Stop Using Data Alone to Make Decisions

0
2634

During the Vietnam War, Harvard Business School graduate and Secretary of Defense Robert McNamara insisted that the war be fought with modern statistical methods — what would today be called “data science.” As a part of the “hamlet evaluation system,” Department of Defense officials would take every bit of information from the frontlines, quantify it, and feed it into machines that would recommend bombing targets, along with a numerical summary of how the war was progressing. These men in suits were intelligent, academically trained people, but their approach was fatally flawed. The Vietnam War was a disaster for the United States, in part because officials focused too much attention on the data and not enough on the underlying logic of their decisions. 

This problem persists today.
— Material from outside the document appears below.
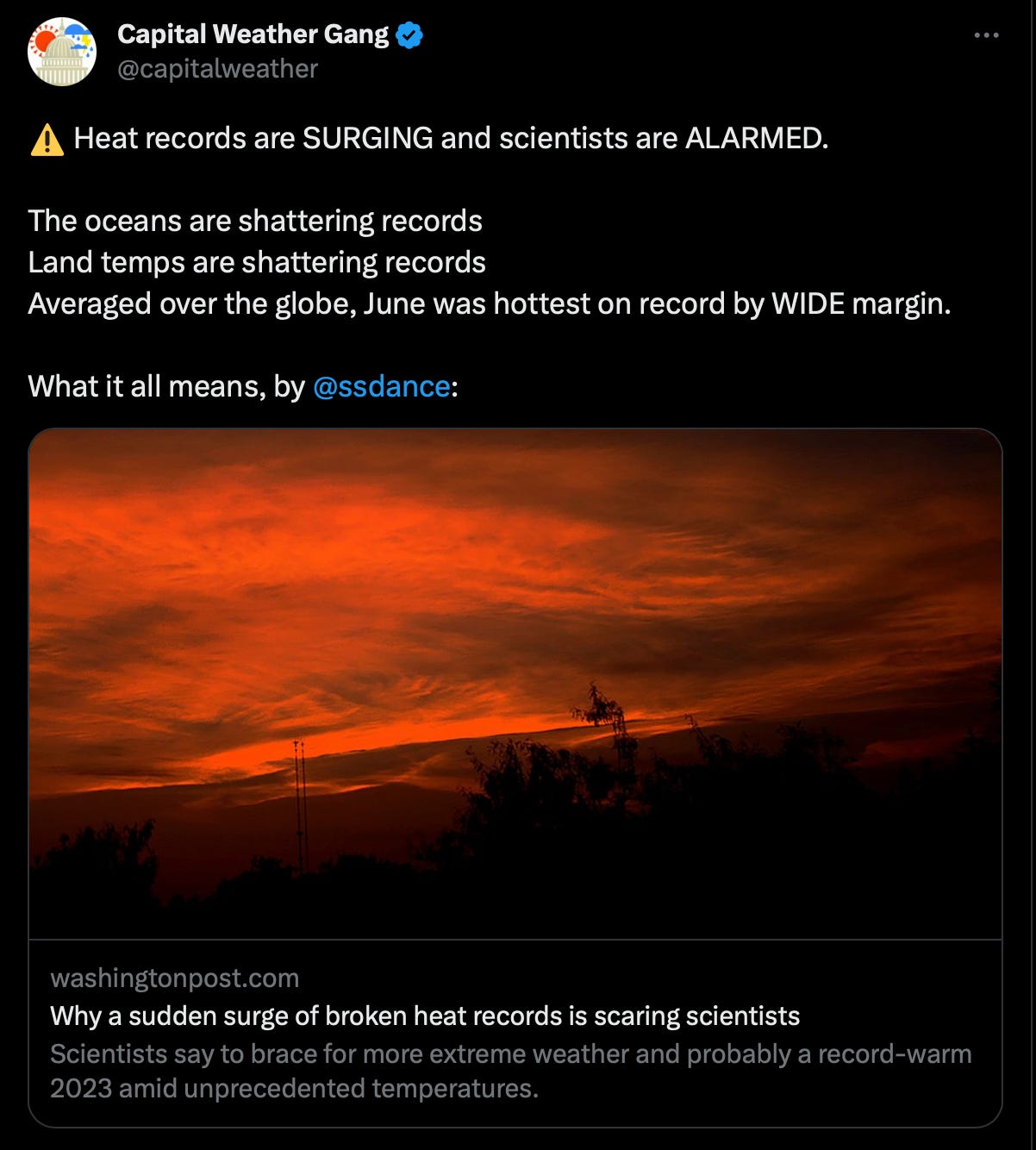 We just lived through the hottest day in over 100,000 years. Even that’s an understatement. Four of them in fact. And summer’s just begun.

Harvard and its affiliates continue to be deeply connected to our political life, just as they were during the Vietnam War — McNamara was just one of many Harvard affiliates in the Kennedy braintrust, with another being National Security Advisor and Harvard professor McGeorge Bundy. Yet their capacity to generate present-day solutions requires a better approach than the ones they have used historically. With the invention of the computer and the ease of quantification comes the temptation to always use data in the decision-making process. However, for practical decision-making in the modern world, common-sense, heuristics, and logic still trump data. 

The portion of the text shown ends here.